# Possible places to live



## deano.c (Jan 21, 2017)

Hi all. I am a 28 year old Aussie male who wants to move to Mexico at the end of the year. I am doing a degree in Structural Engineering and am going into my third year and want to finish my fourth and final year living in Mexico (my degree is done via correspondence through an Australian university). I am looking for some input into possible places people could recommend I live in. I am a very laid back guy who would be on a tight budget. I am not too keen on the big cities or luxury living. I am chasing authenticity and aiming to totally immerse myself in the language and culture. I will buy a motorbike over there and do some travelling in between uni semesters and other short uni breaks. I love adventure, hiking, getting lost and just doing crazy things. I'm not too fussed about being located on or near the coast as I've been lucky enough to love across the road from the beach my whole life here in Australia. Any recommendations I can look further into would be much appreciated!!

Thanks 
Dean


----------



## wkelley (Mar 13, 2016)

Try the Colonial highlands; Guanajuato, San Miguel, Queretaro. Great climate, low cost of living, and plenty of interesting things to see and do. Guanajuato is a university town which might appeal to you. Good luck!


----------



## DiverSailor123 (Sep 17, 2016)

You might want to make sure you can buy a scooter / moto without having a Perm. Res. visa. It may be different state by state.. LOTS OF THINGS ARE... but friends are telling me no more vehicle ownership on a 180 day visa.. Back in the day I bought my house my car and 5 motorcycles with a Passport a valid local address and what was back then an FMT... That no longer flies in the Q.Roo.....


----------



## RVGRINGO (May 16, 2007)

True; to get a residence visa requires that you apply at a Mexican consulate/embassy in your home country, before traveling to Mexico to finish the process upon proof of address, etc. There are financial requirements to prove income/resources. A residence visa and CURP are required in order to register a vehicle in Mexico now.
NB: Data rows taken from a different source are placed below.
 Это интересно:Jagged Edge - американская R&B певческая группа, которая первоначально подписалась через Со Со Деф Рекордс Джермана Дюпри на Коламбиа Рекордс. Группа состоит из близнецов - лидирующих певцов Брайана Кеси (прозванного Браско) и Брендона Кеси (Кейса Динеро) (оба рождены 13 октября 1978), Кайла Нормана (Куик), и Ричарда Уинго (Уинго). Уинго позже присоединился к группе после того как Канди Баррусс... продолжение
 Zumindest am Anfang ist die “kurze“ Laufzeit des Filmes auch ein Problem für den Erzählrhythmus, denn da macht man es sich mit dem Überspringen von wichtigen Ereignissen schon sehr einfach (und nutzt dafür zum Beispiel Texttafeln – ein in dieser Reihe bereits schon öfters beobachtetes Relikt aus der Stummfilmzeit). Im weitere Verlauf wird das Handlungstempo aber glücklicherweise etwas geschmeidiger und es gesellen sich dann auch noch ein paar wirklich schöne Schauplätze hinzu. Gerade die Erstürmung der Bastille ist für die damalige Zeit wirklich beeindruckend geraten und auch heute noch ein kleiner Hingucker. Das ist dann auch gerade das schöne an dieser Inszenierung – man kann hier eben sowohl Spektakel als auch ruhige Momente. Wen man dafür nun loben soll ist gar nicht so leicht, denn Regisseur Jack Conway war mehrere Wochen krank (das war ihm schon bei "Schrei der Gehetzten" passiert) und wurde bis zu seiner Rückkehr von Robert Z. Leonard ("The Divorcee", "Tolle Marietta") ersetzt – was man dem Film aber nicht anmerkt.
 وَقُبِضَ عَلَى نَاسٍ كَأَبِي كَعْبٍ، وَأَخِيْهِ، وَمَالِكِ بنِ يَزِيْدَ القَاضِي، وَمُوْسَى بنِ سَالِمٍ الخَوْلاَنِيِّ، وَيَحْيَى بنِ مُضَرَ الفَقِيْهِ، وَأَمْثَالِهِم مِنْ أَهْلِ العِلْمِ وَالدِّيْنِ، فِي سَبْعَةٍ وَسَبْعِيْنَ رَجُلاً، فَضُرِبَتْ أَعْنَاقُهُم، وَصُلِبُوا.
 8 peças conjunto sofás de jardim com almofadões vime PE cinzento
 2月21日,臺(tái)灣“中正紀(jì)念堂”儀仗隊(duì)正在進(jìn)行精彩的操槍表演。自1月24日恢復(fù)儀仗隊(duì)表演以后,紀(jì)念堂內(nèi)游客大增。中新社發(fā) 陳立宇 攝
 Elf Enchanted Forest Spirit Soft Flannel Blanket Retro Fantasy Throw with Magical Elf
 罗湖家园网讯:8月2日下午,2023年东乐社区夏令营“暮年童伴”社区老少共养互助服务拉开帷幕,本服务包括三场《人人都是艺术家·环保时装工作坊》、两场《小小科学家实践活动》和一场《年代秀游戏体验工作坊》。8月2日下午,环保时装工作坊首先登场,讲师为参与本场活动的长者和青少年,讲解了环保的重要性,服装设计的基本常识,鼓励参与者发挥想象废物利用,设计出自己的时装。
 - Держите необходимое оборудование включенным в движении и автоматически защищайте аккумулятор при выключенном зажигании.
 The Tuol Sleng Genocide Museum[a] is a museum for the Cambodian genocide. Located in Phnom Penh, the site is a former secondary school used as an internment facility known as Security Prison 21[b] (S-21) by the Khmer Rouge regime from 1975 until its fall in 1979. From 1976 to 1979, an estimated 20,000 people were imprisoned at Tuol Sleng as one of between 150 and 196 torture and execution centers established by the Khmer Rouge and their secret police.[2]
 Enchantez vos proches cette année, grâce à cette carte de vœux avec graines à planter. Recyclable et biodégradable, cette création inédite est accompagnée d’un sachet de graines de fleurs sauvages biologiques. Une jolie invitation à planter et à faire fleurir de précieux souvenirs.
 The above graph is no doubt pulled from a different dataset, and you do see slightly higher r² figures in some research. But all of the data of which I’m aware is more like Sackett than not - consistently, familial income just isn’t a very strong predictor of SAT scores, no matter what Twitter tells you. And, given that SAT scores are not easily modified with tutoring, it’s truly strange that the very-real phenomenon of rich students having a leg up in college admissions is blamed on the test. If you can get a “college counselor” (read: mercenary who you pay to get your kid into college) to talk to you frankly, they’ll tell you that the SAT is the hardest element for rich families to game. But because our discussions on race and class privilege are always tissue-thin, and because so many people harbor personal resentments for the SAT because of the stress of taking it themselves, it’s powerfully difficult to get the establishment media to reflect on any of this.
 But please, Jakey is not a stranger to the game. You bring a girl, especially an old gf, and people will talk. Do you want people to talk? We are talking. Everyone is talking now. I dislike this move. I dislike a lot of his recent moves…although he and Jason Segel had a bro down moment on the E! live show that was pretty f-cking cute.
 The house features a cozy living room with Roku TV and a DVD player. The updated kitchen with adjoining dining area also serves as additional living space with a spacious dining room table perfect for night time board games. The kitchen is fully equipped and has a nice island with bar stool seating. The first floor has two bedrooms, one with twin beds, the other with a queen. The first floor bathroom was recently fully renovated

I doubt that you would want to exit Mexico every 179 days to depend upon getting a new 180 day tourist permit......Would you?
There may be a loophole for you: I seem to remember that NZ and Mexico have some sort of special arrangement. Might that also be true for Australia, like their special arrangement with NZ? You could ask at a consulate.


----------



## Gatos (Aug 16, 2016)

deano.c said:


> Hi all. I am a 28 year old Aussie male who wants to move to Mexico at the end of the year. I am doing a degree in Structural Engineering and am going into my third year and want to finish my fourth and final year living in Mexico (my degree is done via correspondence through an Australian university). I am looking for some input into possible places people could recommend I live in. I am a very laid back guy who would be on a tight budget. I am not too keen on the big cities or luxury living. I am chasing authenticity and aiming to totally immerse myself in the language and culture. I will buy a motorbike over there and do some travelling in between uni semesters and other short uni breaks. I love adventure, hiking, getting lost and just doing crazy things. I'm not too fussed about being located on or near the coast as I've been lucky enough to love across the road from the beach my whole life here in Australia. Any recommendations I can look further into would be much appreciated!!
> 
> Thanks
> Dean


Hey - I'm an old fart but I have to ask - isn't the value of your undergraduate degree in structural engineering in any way tied into what you do as an undergraduate ? The kind of real life projects you participate in - the real life, well-respected engineers you associate with ? 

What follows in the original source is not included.